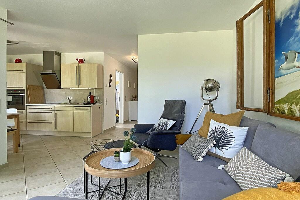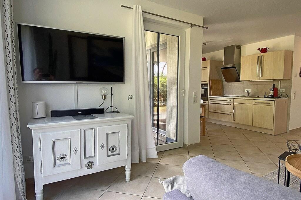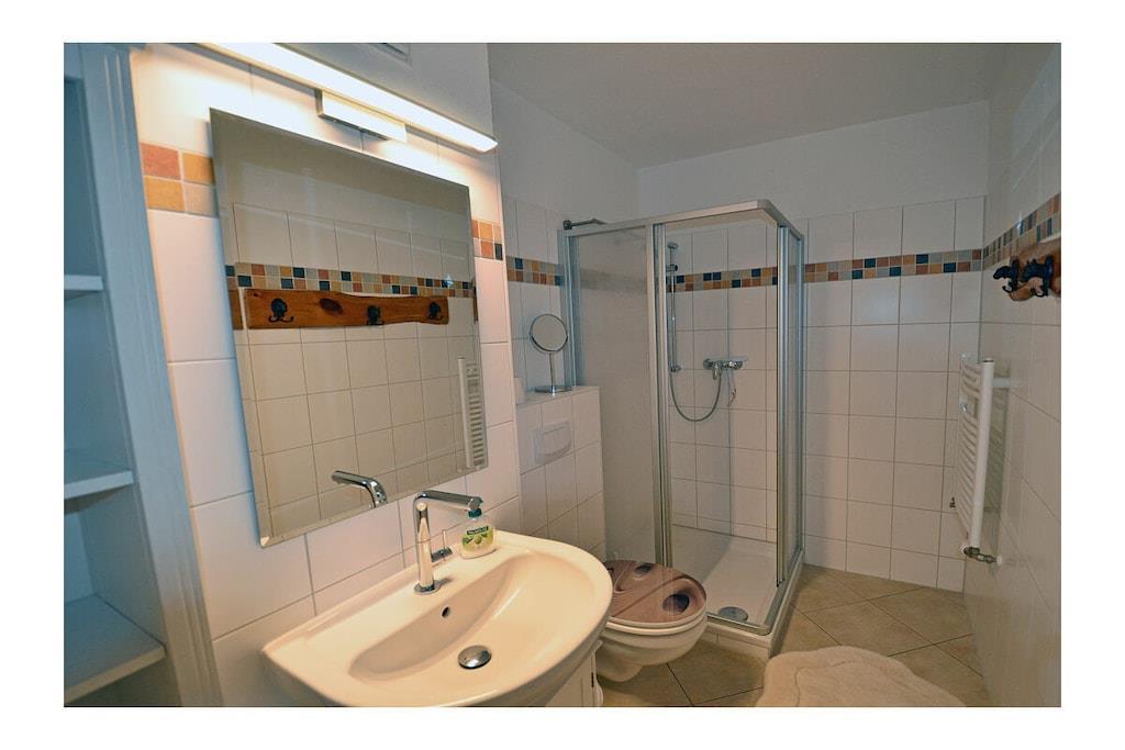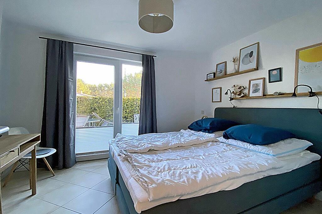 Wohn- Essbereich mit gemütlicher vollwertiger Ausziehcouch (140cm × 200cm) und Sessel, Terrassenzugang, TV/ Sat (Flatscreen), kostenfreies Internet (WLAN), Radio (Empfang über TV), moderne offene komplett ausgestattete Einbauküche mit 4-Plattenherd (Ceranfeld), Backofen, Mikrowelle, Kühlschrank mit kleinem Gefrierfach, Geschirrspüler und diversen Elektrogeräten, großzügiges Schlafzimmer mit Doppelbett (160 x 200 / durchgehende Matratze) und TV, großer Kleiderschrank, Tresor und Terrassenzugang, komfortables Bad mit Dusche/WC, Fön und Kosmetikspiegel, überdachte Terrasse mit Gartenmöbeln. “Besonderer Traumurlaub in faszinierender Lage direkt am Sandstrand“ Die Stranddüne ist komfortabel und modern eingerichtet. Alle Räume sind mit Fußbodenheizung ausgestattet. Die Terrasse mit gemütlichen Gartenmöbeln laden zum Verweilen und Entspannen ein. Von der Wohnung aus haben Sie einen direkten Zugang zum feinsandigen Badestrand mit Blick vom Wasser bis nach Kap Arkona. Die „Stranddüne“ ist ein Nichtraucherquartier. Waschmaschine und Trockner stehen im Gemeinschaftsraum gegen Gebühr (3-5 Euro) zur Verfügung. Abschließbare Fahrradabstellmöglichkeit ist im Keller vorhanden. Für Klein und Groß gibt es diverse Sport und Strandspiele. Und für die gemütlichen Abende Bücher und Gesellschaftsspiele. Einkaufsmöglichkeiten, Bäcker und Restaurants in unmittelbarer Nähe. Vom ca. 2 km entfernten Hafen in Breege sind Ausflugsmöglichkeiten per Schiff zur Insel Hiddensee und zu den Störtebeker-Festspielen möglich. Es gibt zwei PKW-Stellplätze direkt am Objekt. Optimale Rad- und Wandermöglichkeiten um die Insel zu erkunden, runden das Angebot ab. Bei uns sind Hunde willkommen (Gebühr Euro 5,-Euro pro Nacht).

---

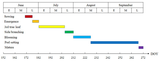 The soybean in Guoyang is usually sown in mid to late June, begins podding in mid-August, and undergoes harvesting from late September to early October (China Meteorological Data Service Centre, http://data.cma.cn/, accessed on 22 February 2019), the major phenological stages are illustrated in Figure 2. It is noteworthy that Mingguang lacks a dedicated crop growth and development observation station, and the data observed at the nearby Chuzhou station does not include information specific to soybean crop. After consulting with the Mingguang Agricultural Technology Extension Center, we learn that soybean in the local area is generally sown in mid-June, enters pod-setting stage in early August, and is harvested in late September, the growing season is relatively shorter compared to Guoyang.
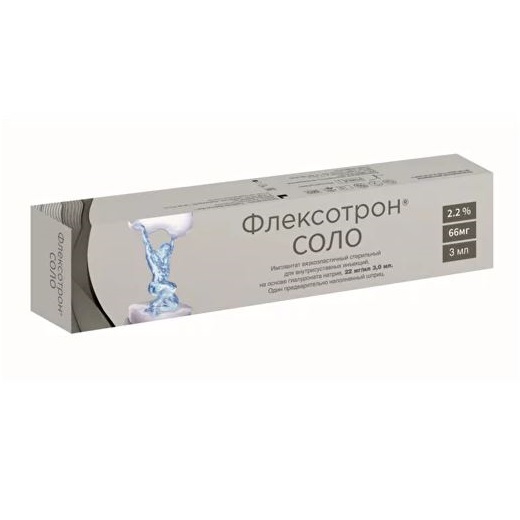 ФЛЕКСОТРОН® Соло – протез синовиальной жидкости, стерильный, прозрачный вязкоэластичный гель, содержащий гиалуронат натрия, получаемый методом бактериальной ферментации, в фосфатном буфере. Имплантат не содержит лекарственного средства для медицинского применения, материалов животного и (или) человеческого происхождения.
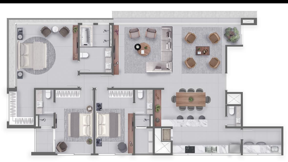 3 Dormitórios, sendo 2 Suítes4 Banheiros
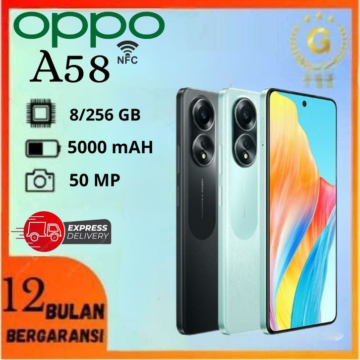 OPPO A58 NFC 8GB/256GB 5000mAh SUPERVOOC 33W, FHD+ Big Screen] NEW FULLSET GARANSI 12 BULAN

◆ What you should do
From the line containing "3 Dormitórios, sendo 2 Suítes4 Banheiros" through the line containing "OPPO A58 NFC", copy every line above exactly, without pictures.

◆ Result
 3 Dormitórios, sendo 2 Suítes4 Banheiros
 OPPO A58 NFC 8GB/256GB 5000mAh SUPERVOOC 33W, FHD+ Big Screen] NEW FULLSET GARANSI 12 BULAN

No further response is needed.